Festival Inconfidentes de Cinema, lançamento oficial da exposição “Pulsando Quimeiras.” / Facebook Festival Inconfidentes

O jornalista não é vítima, ele tem o direito de escolha

por Ariadne Selene, Edmar Borges, Pedro Ewers

Há em torno de 120 cursos de graduação em Jornalismo no país. A cada ano, formam cerca de 5.000 profissionais. Mestre e doutora em Educação pela UFMG, Margareth Diniz, 47 anos, leciona Psicologia da Comunicação na Universidade Federal de Ouro Preto (UFOP) desde 2008, considera a formação acadêmica e a existência de vários cursos de jornalismo no Brasil muito importante.

O curso de jornalismo da UFOP é fruto do REUNE, foi fundado em 2008, e seu campus reside no município de Mariana. Ainda está em processo de adaptação. ˜Em Mariana, temos profissionais com boa formação, mestres e doutores com compromisso ético. Os materiais ainda precisam melhorar, mas já esteve pior, está em constante avanço˜, fazendo referência aos laboratórios e à infra-estrutura do curso.

De acordo com a professora, a importância da aplicação do estudo da Psicologia na formação dos alunos do ramo é para os jornalistas se verem como sujeitos, críticos e antenados. “Além disso, eles lidam com sujeitos também, e precisam saber como fazer isso.” Ela acrescenta, ainda, que há diferença entre lecionar aos docentes deste curso e dos demais, declarando que os de jornalismo são mais ligados e possuem mais vivência cultural.

Apesar do número de bons cursos disponíveis, há profissionais com má formação ou formação nenhuma, que atuam de forma anti-ética e desvalorizam a profissão. “Vejo a profissão com muitas amarras, é preciso trilhar-se um caminho mais ético e livre.
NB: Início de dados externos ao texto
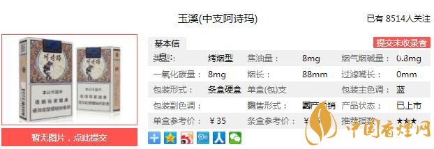 玉溪中支阿詩瑪煙支長88mm,濾嘴的中部是阿詩瑪標志性的側影頭像。濾嘴下部是上下兩個圓環(huán),中間正反印制著阿詩瑪和Ashima標識。下面我們一起來看玉溪中支阿詩瑪?shù)膮?shù)信息:焦油量:8mg 煙堿量:0.8mg 一氧化碳量:8mg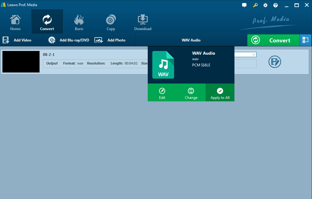 有兴趣的人 MP3 到 WAV 的转换可能会从上面的介绍中找到帮助。你可以转换 MP3 通过最佳方式转换为 WAV MP3 到 WAV 转换器,通过在线音频转换器来转换 MP3 可以免费将音频文件转换为 WAV 文件,或者通过音乐播放器完成这项工作。如果你不想一直在线,不时地犹豫是否要浏览网站,并且不愿意经历复杂的转换过程 MP3 和 WAV 通过音乐播放器(有时它们真的很烦人!!),我强烈建议你下载一体化 Leawo 视频转换器。只需轻松点击几下即可完成所有操作,而且该软件无需太多技术知识。内置的编辑功能将尽力恢复原始文件质量,确保用户获得最佳体验。总而言之, MP3 到 WAV 文件的转换对我们来说是一项简单的工作,我们真的不需要太担心。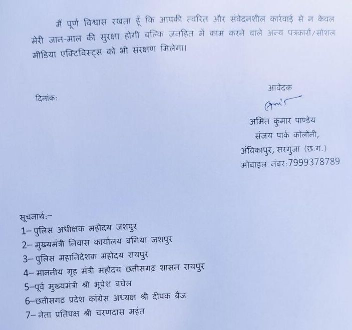 मामला यह है कि जिले के एक सक्रिय पत्रकार एवं सोशल मीडिया इंफ्लुएंसर अमित कुमार पाण्डेय ने अपनी जान को खतरा बताते हुए पुलिस प्रशासन से तत्काल सुरक्षा की मांग की है। उन्होंने इस संबंध में पुलिस महानिरीक्षक, सरगुजा रेंज अंबिकापुर को एक लिखित आवेदन सौंपा है, जिसमें गंभीर आरोप लगाए गए हैं।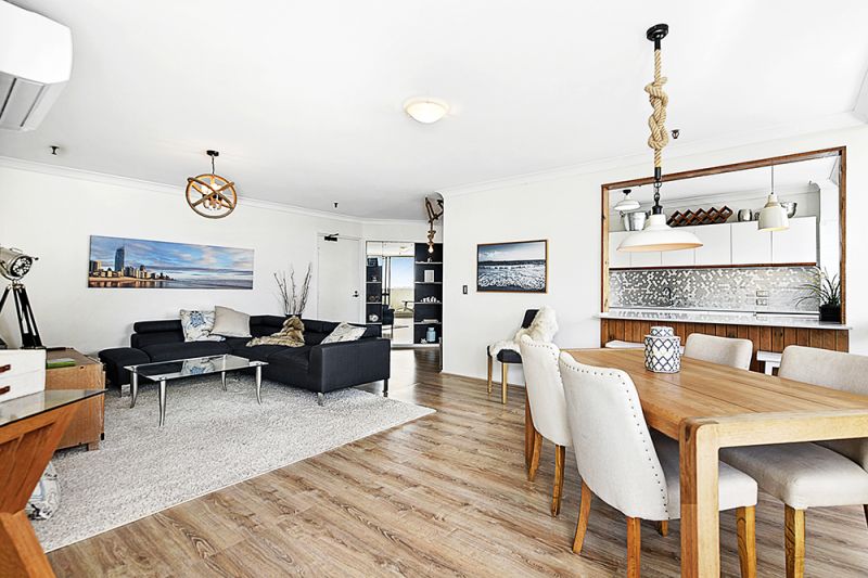 Ocean views all the way to Coolangatta from this beautifully renovated, light and airy, 3 bedroom, 2 bathroom apartment on the Esplanade.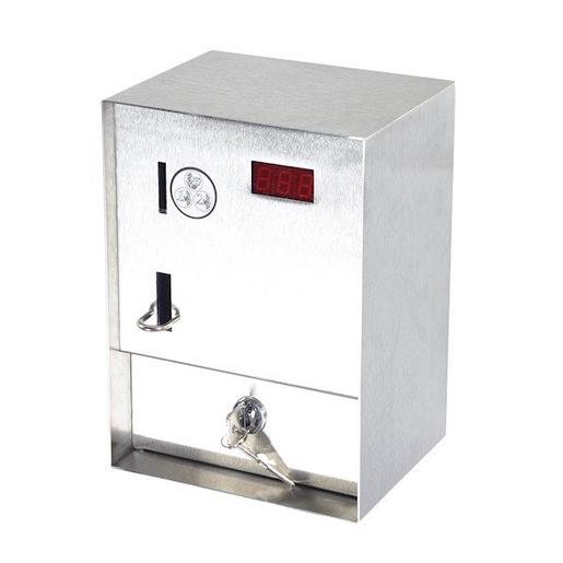 KDK Münzzeitgeber 610, In gebürsteten Edelstahlgehäuse mit zeitgesteuertem Ablauf, Schutzart: IP40, Nennspannung : 230 V AC oder 24 V AC/DC, ( nur mit externem Trafo nicht im Lieferumfang enthalten), Mit elektronischem 5-fach-Münzprüfer, verschiedene Münzen oder Wertmarken programmierbar, Zeitgesteuerter Ablauf:, digitale Zeitvorwahl, Mindestzeitvorgabe, Vorlauf-/Nachlaufzeiten frei einstellbar, Münzmengenvorwahl einstellbar, Vor-Ort-Programmierung ohne Software möglich, mit Waschmaschinenfunktion, d.h. Türöffnung auch nach Ablauf der Hauptzeit möglich, Geldkassette mit integriertem Sicherheitsschloss, Abmessungen (HxBxT): 210x155x140mm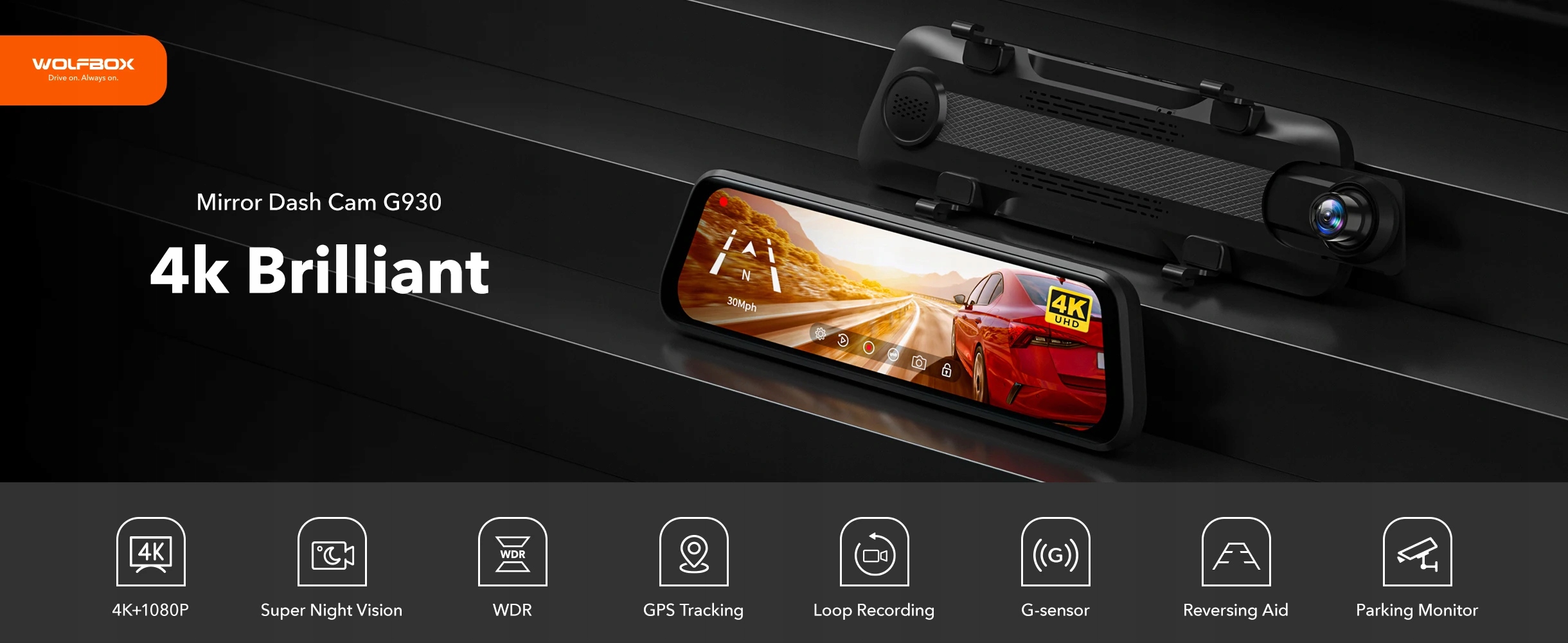 Функція : Водонепроникний, НІЧНЕ БАЧЕННЯ, WDR, G-сенсор, РЕЖИМ паркування, циклічний запис , вбудований GPS, аварійний замок

Existem muitos canais de comunicação poderosos, que ocultam fatos e divulgam informações não-reais.”

Uma situação discutida é que tais canais também desvalorizam a profissão, manipulando a informação e inserindo os jornalistas nesse sistema. Todavia, Margareth discorda “A profissão e o profissional agem com co-influência. O jornalista pode aceitar os termos do sistema ou não, ele não é uma vítima simplesmente, ele pode escolher se submeter ou não, seja um determinado emprego ou a um determinado salário.”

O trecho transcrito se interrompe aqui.